## Action item
Word for word, return the lines below from the first through the line that has "이후 특급 예능 수업의", dropping the pictures.

## Record extracts
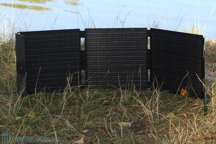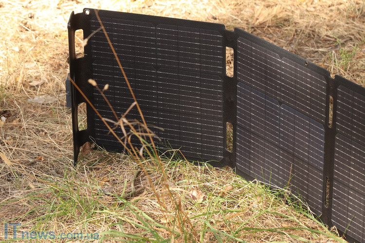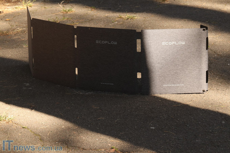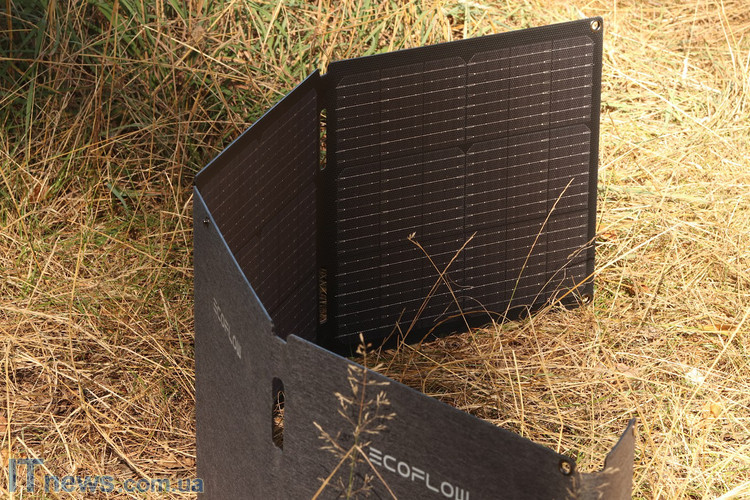 Підсумовуючи даний розділ, хочу сказати, що особисто мені сподобався формат панелі. В складеному вигляді у нас параметри співставні з габаритами 15,6-дюймового ноутбука і саме це максимально полегшує транспортування виробу; абсолютно ніяких додаткових умовностей. Сам по собі каркас панелі виконано з досить жорсткого матеріалу, який здатен забезпечити надійне горизонтальне розгортання EcoFlow 60W Solar Panel навіть за умов далеко не самого рівного рельєфу місцевості. Ну, а для металевих петель зі "штатного" комплекту поставки передбачені відповідні отвори з також металевим підсиленням. Словом, перед нами саме той приклад, за який можна з впевненістю сказати "Забагато зручностей не буває"!
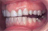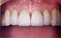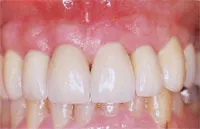 After: Note the dramatic color shift, the favorable soft tissue response, and the polychromatic color in the madibular anterior porcelain veneers.
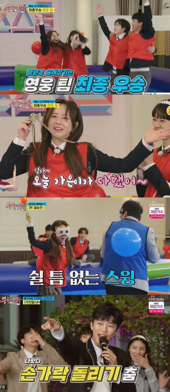 이후 특급 예능 수업의 마지막 교시 '망원경 술래잡기'가 시작됐고, 이전보다 한 단계 업그레이드된 망원경 게임의 등장에 모두가 집중력을 발휘했다. 마지막까지 살아남은 장민호와 은가은이 불굴의 투혼을 보였고 결국 은가은의 맹활약으로 영웅 팀이 승리하며 금 마이크 상금의 주인공이 됐다.
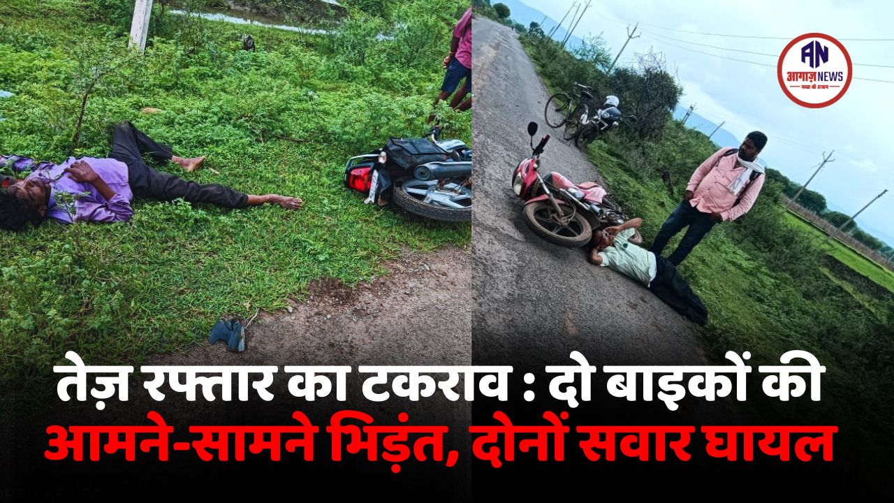 तेज़ रफ्तार का टकराव : दो बाइकों की आमने-सामने भिड़ंत, दोनों सवार घायल
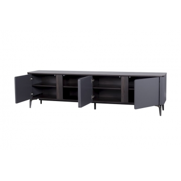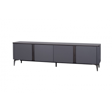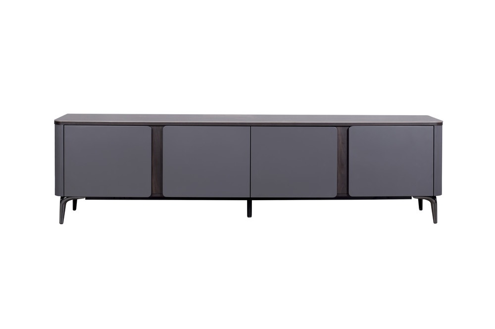 特洛伊灰?guī)r板面板+灰色啞光主體+煙熏色木紋裝飾條+槍色金工腳

## Response
 Підсумовуючи даний розділ, хочу сказати, що особисто мені сподобався формат панелі. В складеному вигляді у нас параметри співставні з габаритами 15,6-дюймового ноутбука і саме це максимально полегшує транспортування виробу; абсолютно ніяких додаткових умовностей. Сам по собі каркас панелі виконано з досить жорсткого матеріалу, який здатен забезпечити надійне горизонтальне розгортання EcoFlow 60W Solar Panel навіть за умов далеко не самого рівного рельєфу місцевості. Ну, а для металевих петель зі "штатного" комплекту поставки передбачені відповідні отвори з також металевим підсиленням. Словом, перед нами саме той приклад, за який можна з впевненістю сказати "Забагато зручностей не буває"!
 After: Note the dramatic color shift, the favorable soft tissue response, and the polychromatic color in the madibular anterior porcelain veneers.
 이후 특급 예능 수업의 마지막 교시 '망원경 술래잡기'가 시작됐고, 이전보다 한 단계 업그레이드된 망원경 게임의 등장에 모두가 집중력을 발휘했다. 마지막까지 살아남은 장민호와 은가은이 불굴의 투혼을 보였고 결국 은가은의 맹활약으로 영웅 팀이 승리하며 금 마이크 상금의 주인공이 됐다.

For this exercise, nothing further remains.